Defense attorney coins new ‘Real Housewives’ franchise to convince jury of the absurdity of false domestic violence allegations

Pittsburg, California— September 17, 2015—After two hours of deliberations, the jury of four women and eight men found twenty-seven year old Lamar S. Cooper of Berkeley, California not guilty of battery on a co-parent causing injury, simply battery on a co-parent, simple battery, simple assault and vandalism causing $400 or more in damage.  Contra Costa Deputy District Attorney Courtney Dyer alleged Mr.
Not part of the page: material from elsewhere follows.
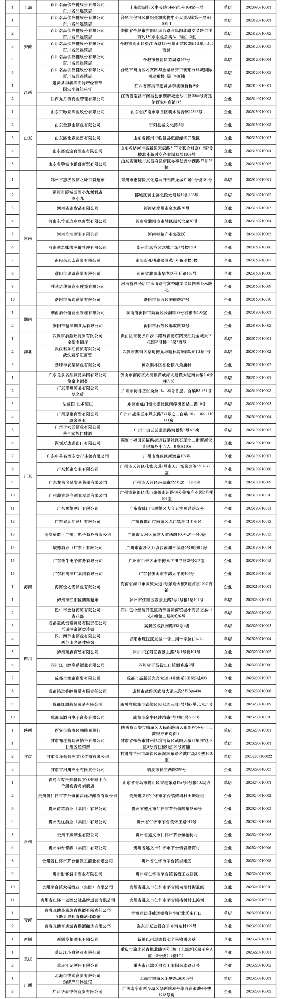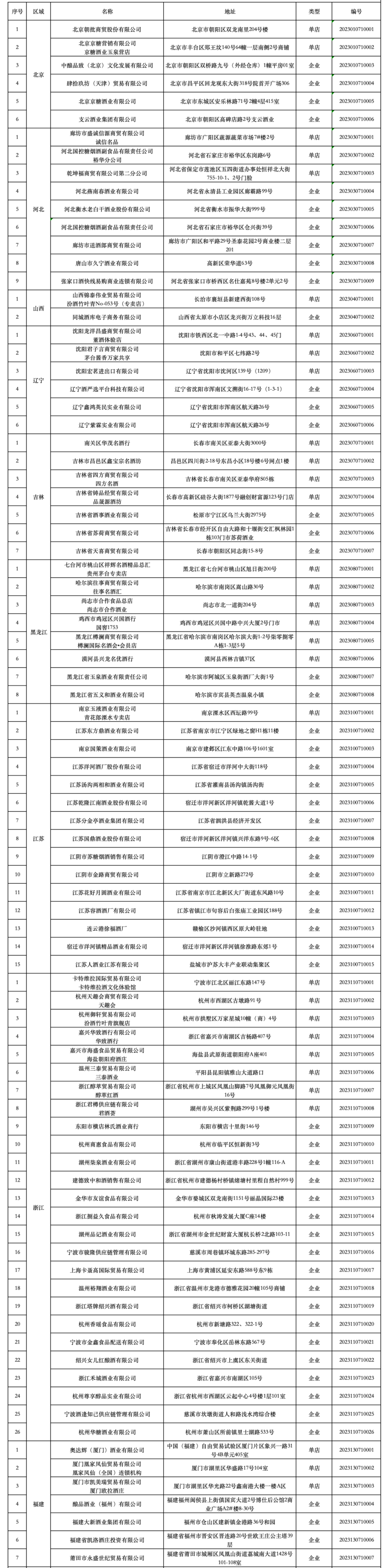 附:2023年全国放心酒工程示范单位名单
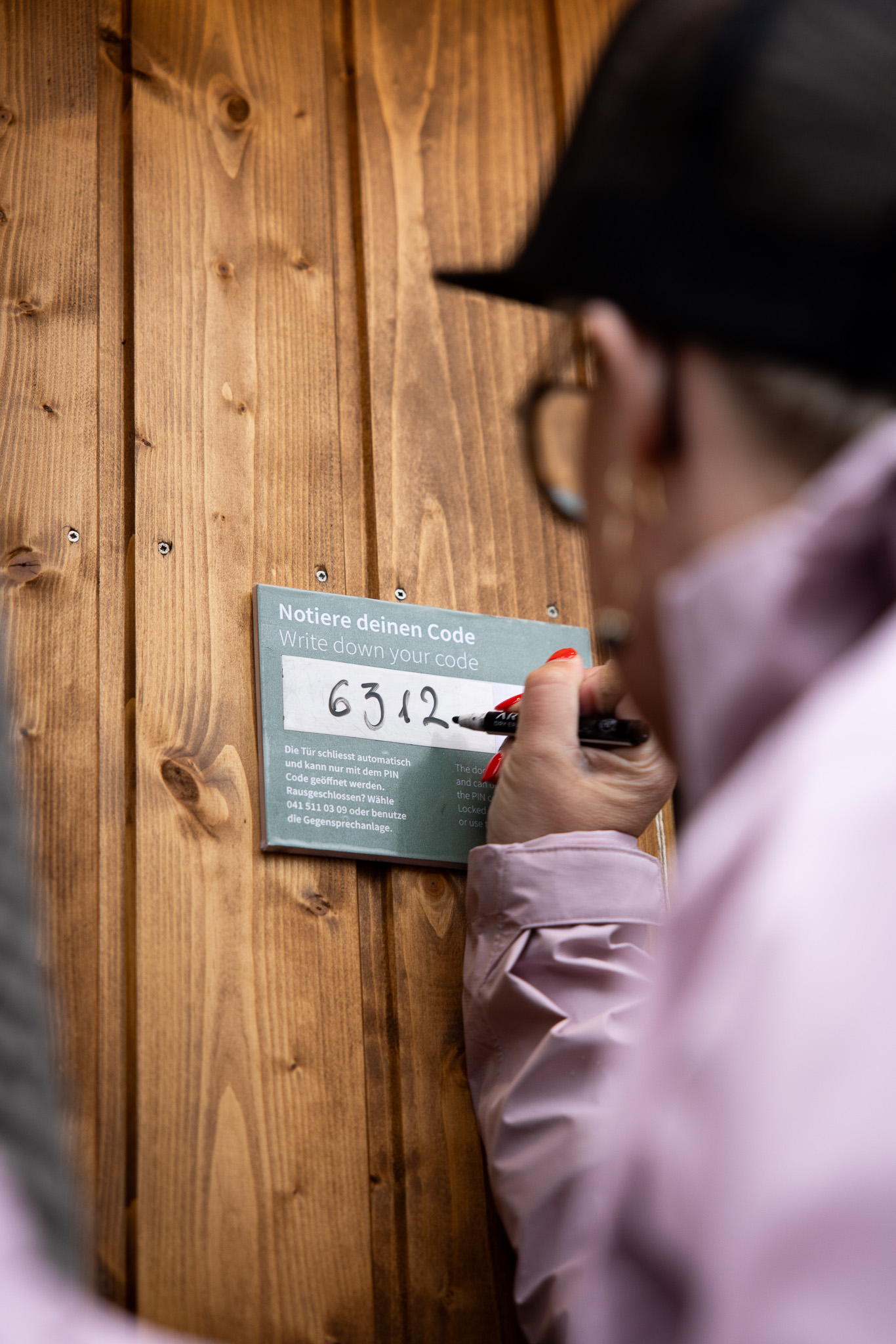 - Achtung: Merke dir den Code gut! Die Saunatür schliesst automatisch und kann nur mit dem Zugangscode geöffnet werden. Der Zugangscode öffnet das Tor nur im gebuchten Zeitraum (auf die Minute genau).

Cooper broke through a door and stormed into an Antioch home where the mother of his children was sleeping off a night of partying and had failed to return home to care for the couple’s two one year old children so he could attend an important appointment.  The complaining party said he “socked her in her nose” and ran out.  While the complaining party’s friends initially told police they saw the incident, they later admitted to the defense and the prosecution prior to trial that they lied to police in order to support their friend.  Defense attorney, Qiana Washington, learned from police documents that the witnesses had four pages worth of incidents going back several years in which they regularly called the police due to violent fighting within the home.  She compared the group to the “Real Housewives” franchise and said the case should be called the “Real Housewives of Antioch.”  The prosecution only called one out of three of the “eye witnesses” and presented a brief 911 recording in support of her case.  Toward the end of the case, Superior Court Judge Judy Johnson told Dyer, “This case is a dog” and said she was seriously considering dismissing it due to the credibility issues with the witnesses.  Dyer argued her case was strong and objected to the dismissal.  Ultimately, the jury was forced to do what the Deputy District Attorney and the court declined to do—reject the allegations.  Washington says, “We are grateful the jury did the right thing and saw through these baseless allegations.  As for the complaining witness and her pose, perhaps they have a future in television.”